**EXERCISE DESCRIPTION**
The required output is a single number: how many lines of the material contain the string "most".

**PROVIDED DATA**
-- -- --
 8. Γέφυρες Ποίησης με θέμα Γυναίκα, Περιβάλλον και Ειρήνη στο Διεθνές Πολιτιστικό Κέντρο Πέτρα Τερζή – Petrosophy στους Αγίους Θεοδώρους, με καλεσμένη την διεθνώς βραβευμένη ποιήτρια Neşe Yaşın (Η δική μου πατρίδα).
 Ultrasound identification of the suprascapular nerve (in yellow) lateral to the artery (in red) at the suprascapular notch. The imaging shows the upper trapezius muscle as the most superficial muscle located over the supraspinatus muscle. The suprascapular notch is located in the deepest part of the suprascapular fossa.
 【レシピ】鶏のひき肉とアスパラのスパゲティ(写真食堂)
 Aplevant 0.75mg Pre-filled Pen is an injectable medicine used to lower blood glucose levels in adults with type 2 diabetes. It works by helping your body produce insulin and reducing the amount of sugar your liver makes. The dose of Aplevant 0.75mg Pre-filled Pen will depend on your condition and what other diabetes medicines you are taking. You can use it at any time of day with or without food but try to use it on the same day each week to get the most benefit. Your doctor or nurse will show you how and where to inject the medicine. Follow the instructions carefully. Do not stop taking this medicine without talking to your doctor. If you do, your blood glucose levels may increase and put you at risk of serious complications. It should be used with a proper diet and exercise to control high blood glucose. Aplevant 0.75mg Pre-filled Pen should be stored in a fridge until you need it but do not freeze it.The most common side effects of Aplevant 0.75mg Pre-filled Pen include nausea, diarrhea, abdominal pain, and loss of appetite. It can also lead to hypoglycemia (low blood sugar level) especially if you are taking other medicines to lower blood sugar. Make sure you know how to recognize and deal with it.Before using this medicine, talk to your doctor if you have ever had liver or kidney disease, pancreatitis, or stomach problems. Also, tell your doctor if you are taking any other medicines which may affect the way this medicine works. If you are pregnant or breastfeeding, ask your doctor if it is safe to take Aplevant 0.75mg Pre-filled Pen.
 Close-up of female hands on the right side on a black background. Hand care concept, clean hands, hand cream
-- -- --
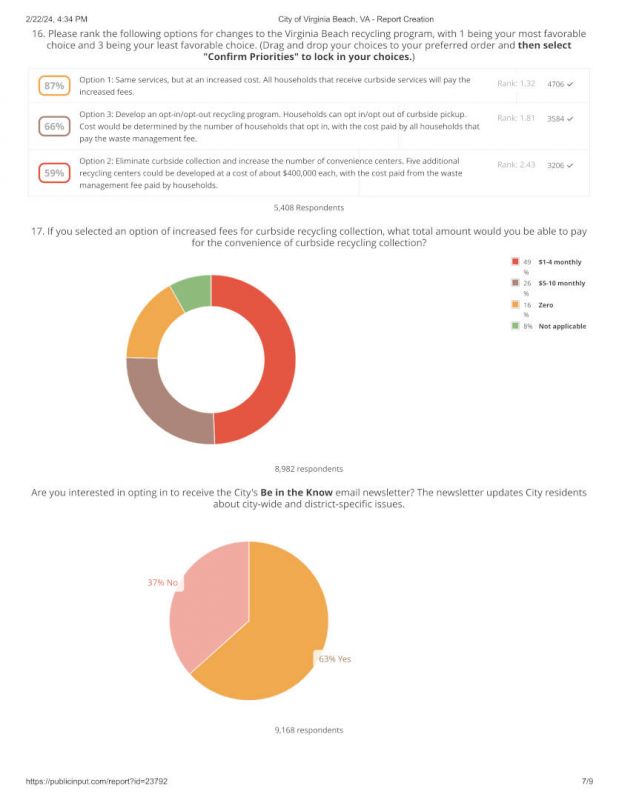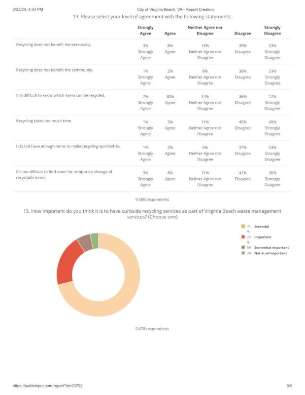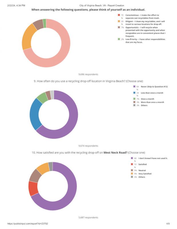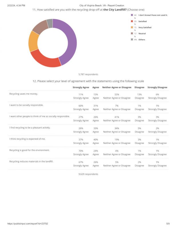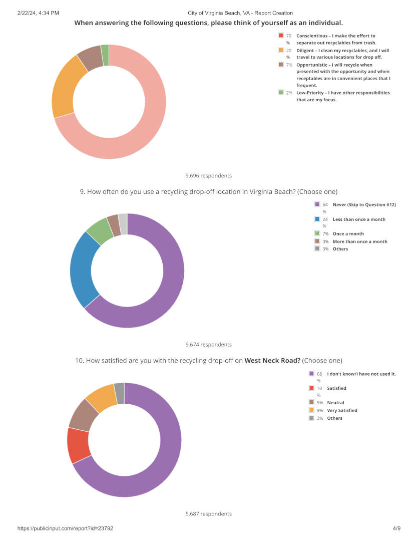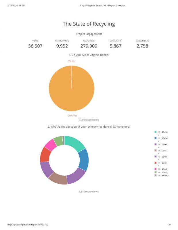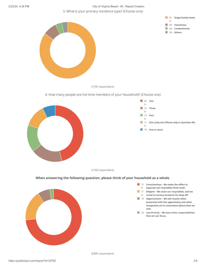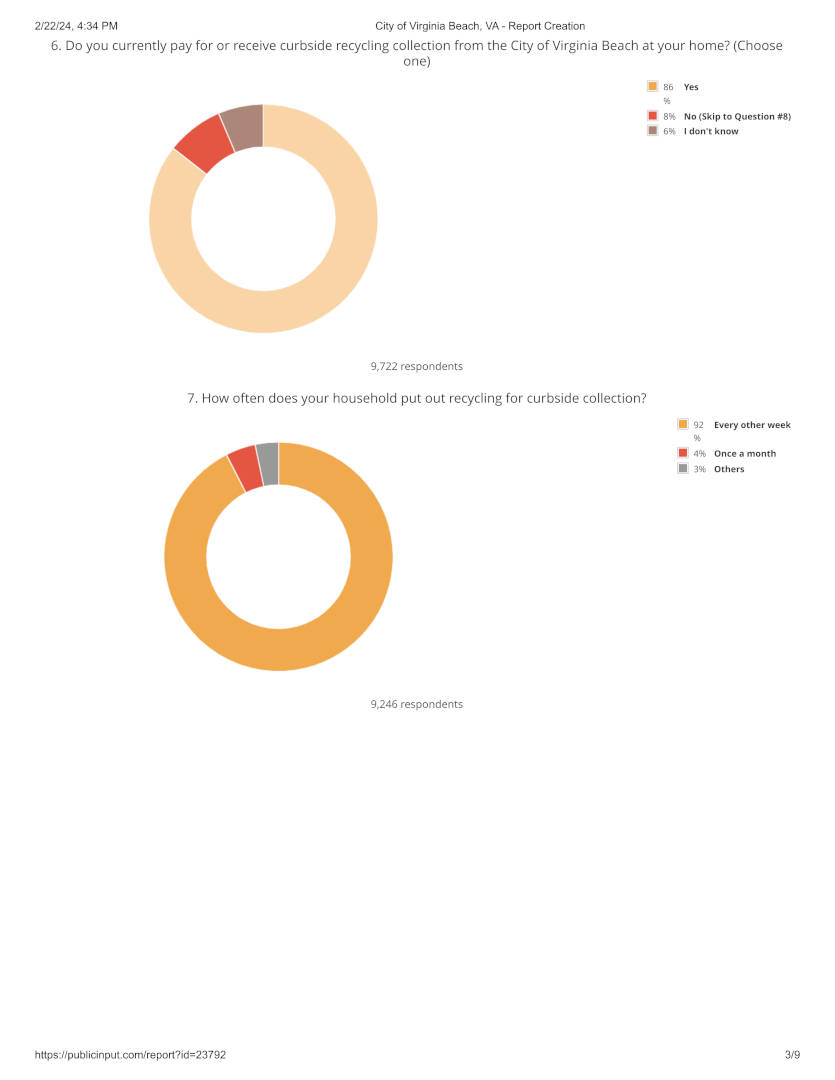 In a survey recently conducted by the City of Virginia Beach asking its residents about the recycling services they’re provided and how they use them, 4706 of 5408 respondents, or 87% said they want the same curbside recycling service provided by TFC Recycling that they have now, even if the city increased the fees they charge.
-- -- --
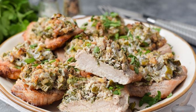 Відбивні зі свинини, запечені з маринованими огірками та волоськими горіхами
-- -- --
**TASK OUTPUT**
2